Saturday, Aug. 25, 2007 | 7:32 a.m.
On the Web: For more information or to register for the seminar, visit www.vegasinsider.com/handicapping-seminar/2007
Shameless plug: I will be part of a media panel at 11:30 a.m. Tuesday. Other participants: John Kelly, Dave Tuley, Sid Rosenberg, Kevin Rogers, Steve Cofield, John Hanson and Dave Cokin.
Don't expect to find much talk about the travails of the offshore gambling business at next week's big football betting symposium at the Red Rock Resort.
Don't come looking for in-depth discussions on the Unlawful Internet Gambling Enforcement Act or the pros and cons of sending money to a bookie in Belize.
Instead, you can pick the brains of oddsmakers, gamblers and professional handicappers on subjects such as their forecast for this college football season, NFL future-book betting and who really creates the opening line.
The 2007 Vegas Insider Football Handicapping Seminar, free to the public and featuring a strong lineup of sports betting figures from Nevada and out of state, is scheduled for 10 a.m. to 5:45 p.m.
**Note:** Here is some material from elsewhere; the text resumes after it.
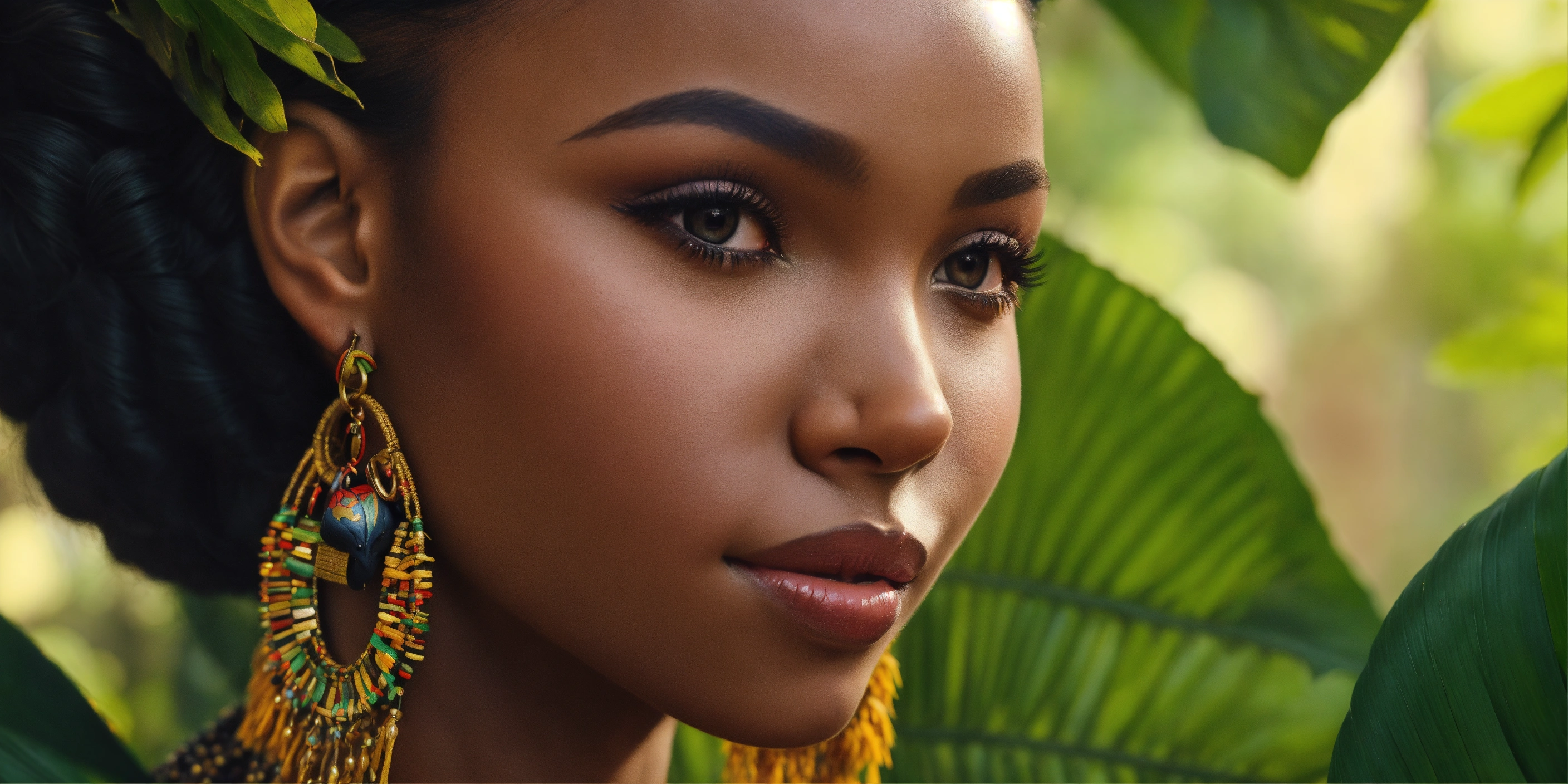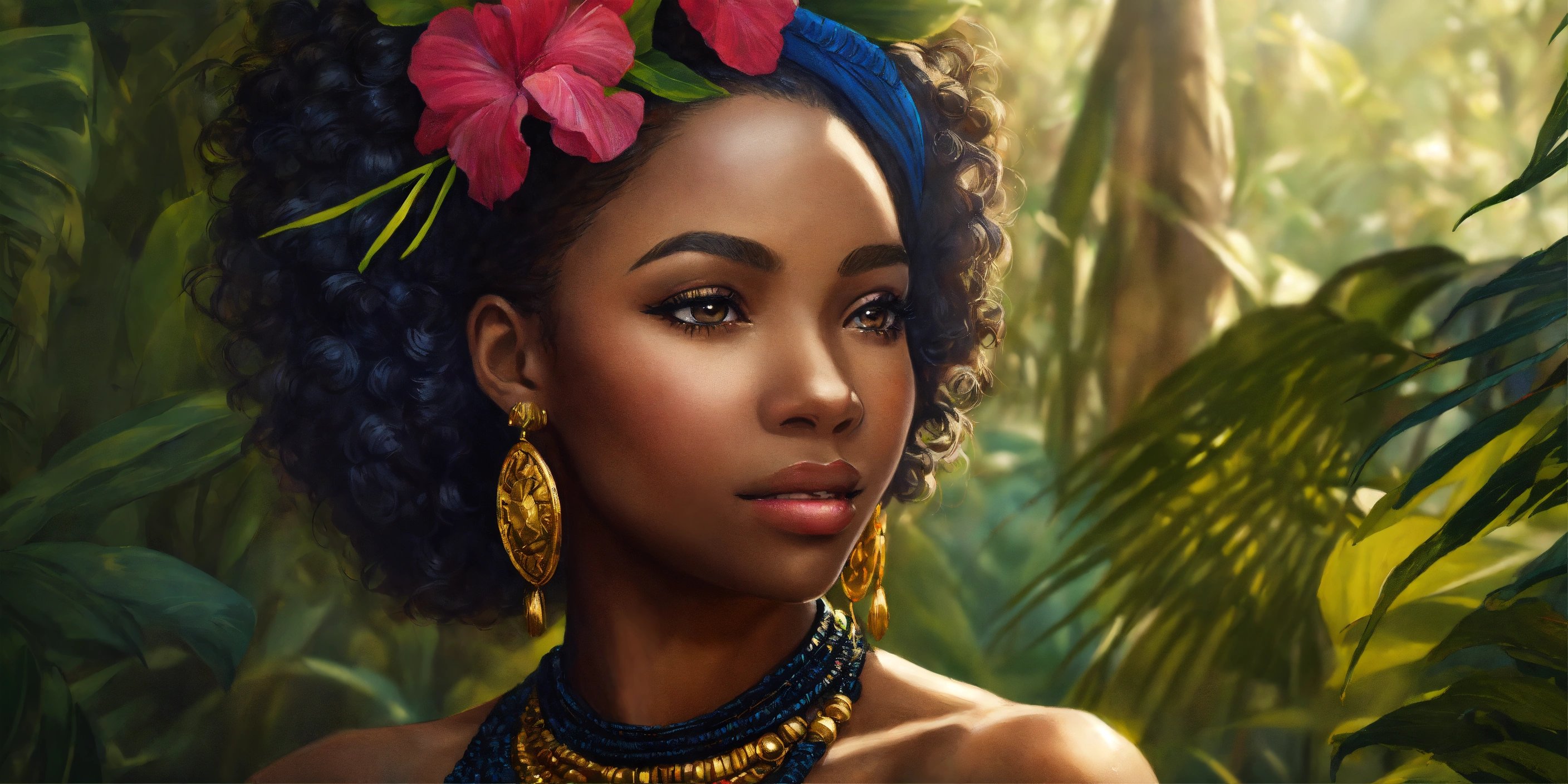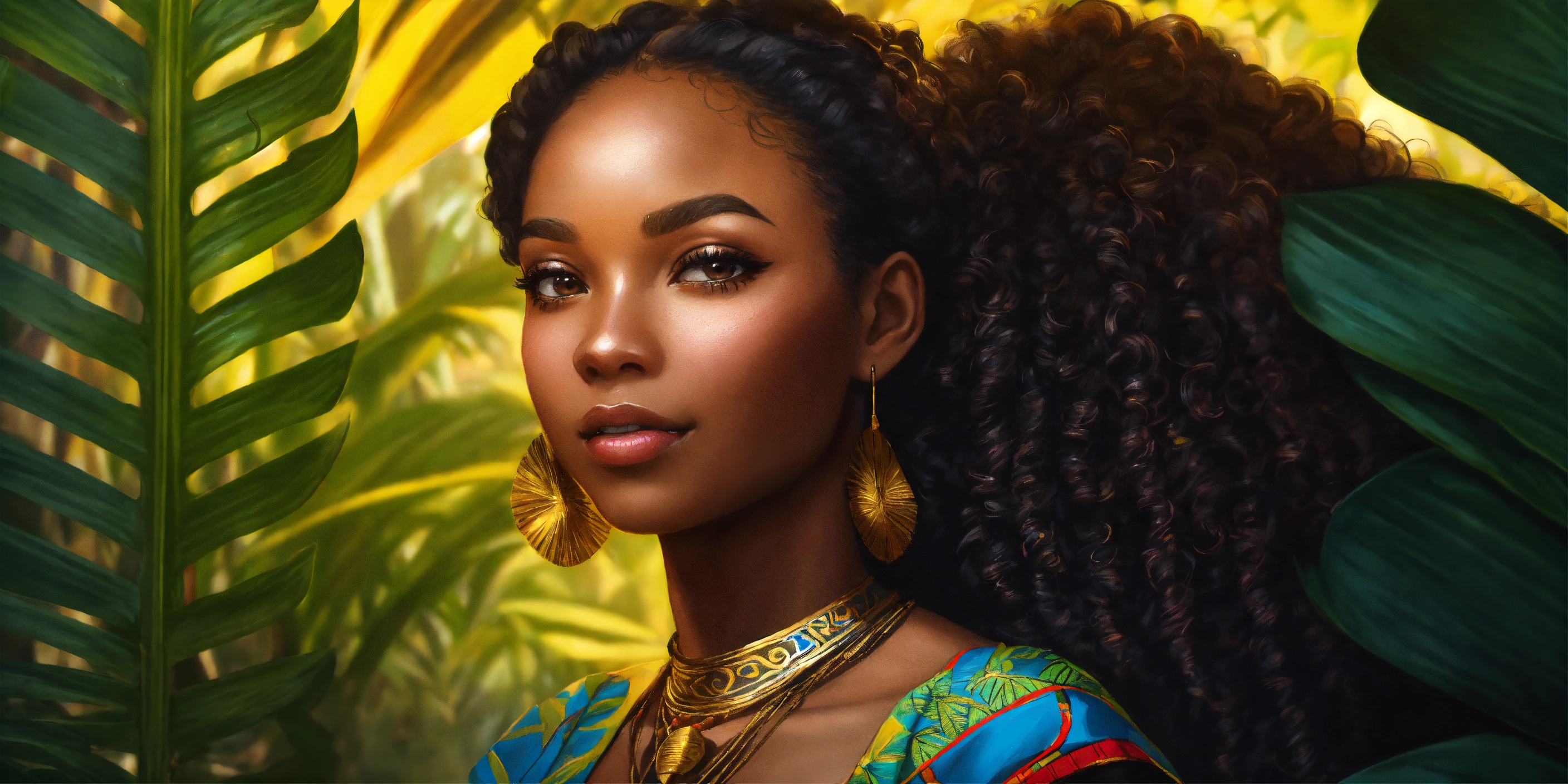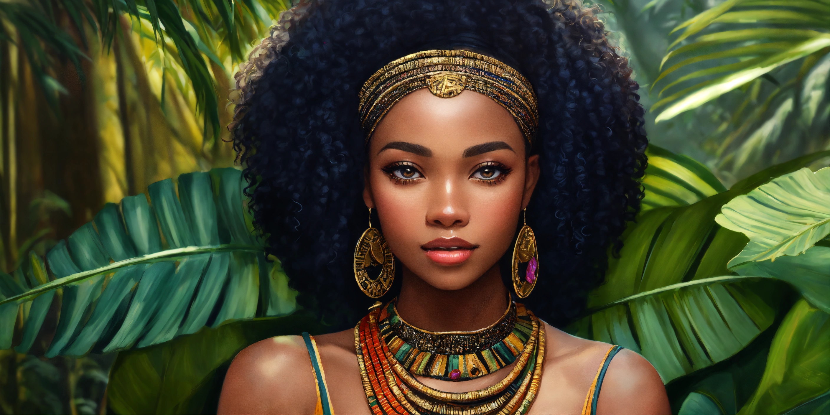 Realistic and detailed portrait, stanley artgerm, very coherent. beautiful young black african woman. traditional ceremony clothing. mysterious tropical jungle. large tropical leaves. curly brown black hair. queen hairstyle. raffia. traditional ceremonial makeup painting. black panther in the background. cute. dove cameron. smiling.

Monday and Tuesday at Red Rock's G and H reception halls.
The seminar's target audience is sports bettors, from beginners to experts, rather than industry insiders. Most of the seminar's sessions will focus on various aspects of the upcoming football season, college and pro.
"My thinking was, anybody out there who is into sports betting, this seminar is for you," said Peter Gold, executive vice president and general manager of Vegas Insider. "This is not an industry seminar. It's an event for sports gamblers.
"We're focusing on the nuts and bolts of handicapping the football season as it relates to the legal sports betting scene in Nevada."
More than 250 people have signed up for the seminar, exceeding Gold's projection of 75 to 125 by this point. Registration at the Vegas Insider Web site (vegasinsider.com) is available through Sunday.
Although the seminar is free, registering ensures you won't get turned away at the door if the event fills up.
"The response has been overwhelming," Gold said. "It's a free event. There's no hidden agenda. We're not asking for anybody's credit card, none of that (malarkey). We just want it to be a good exchange of valuable information on sports betting.
"I think we're really filling a void in the marketplace."
The seminar marks Vegas Insider's return to conducting public sports betting symposiums after an absence of several years. Previous seminars, in the late 1990s and early 2000s, spotlighted football and basketball handicapping.
A major offshore sports betting operation then sponsored an annual betting conference in Las Vegas for a couple of years, although those events focused more on gaming industry trends than actual sports handicapping for Las Vegas bettors.
Those seminars came to an abrupt end when the political culture in the country turned hostile to offshore betting companies.
That set the stage for Vegas Insider, whose Web site provides a wealth of free sports betting information along with links to handicappers selling their picks, to reenter the field.
The roster of speakers at the conference includes sports handicappers with no ties to Vegas Insider, such as Tim Trushel, Ted Sevransky and Erin Rynning, and others from the site's stable, including Andy Iskoe, Mark Franco and James Manos.
"We didn't want it to be just an advertisement for Vegas Insider," Gold said. "We just wanted to put together a collection of guys who are really smart and good at what they do."
Gold said he purposely did not set up a "green room" at Red Rock for the featured guests, so they should be accessible to the public.
Because many sports handicappers are iconoclastic by nature, with strongly held opinions, it's a good bet there will be plenty of spirited debate on most of the seminar's panels.
"Part of it is an experiment," Gold said. "It's like I'm putting a test tube up there and hoping it doesn't explode in my face."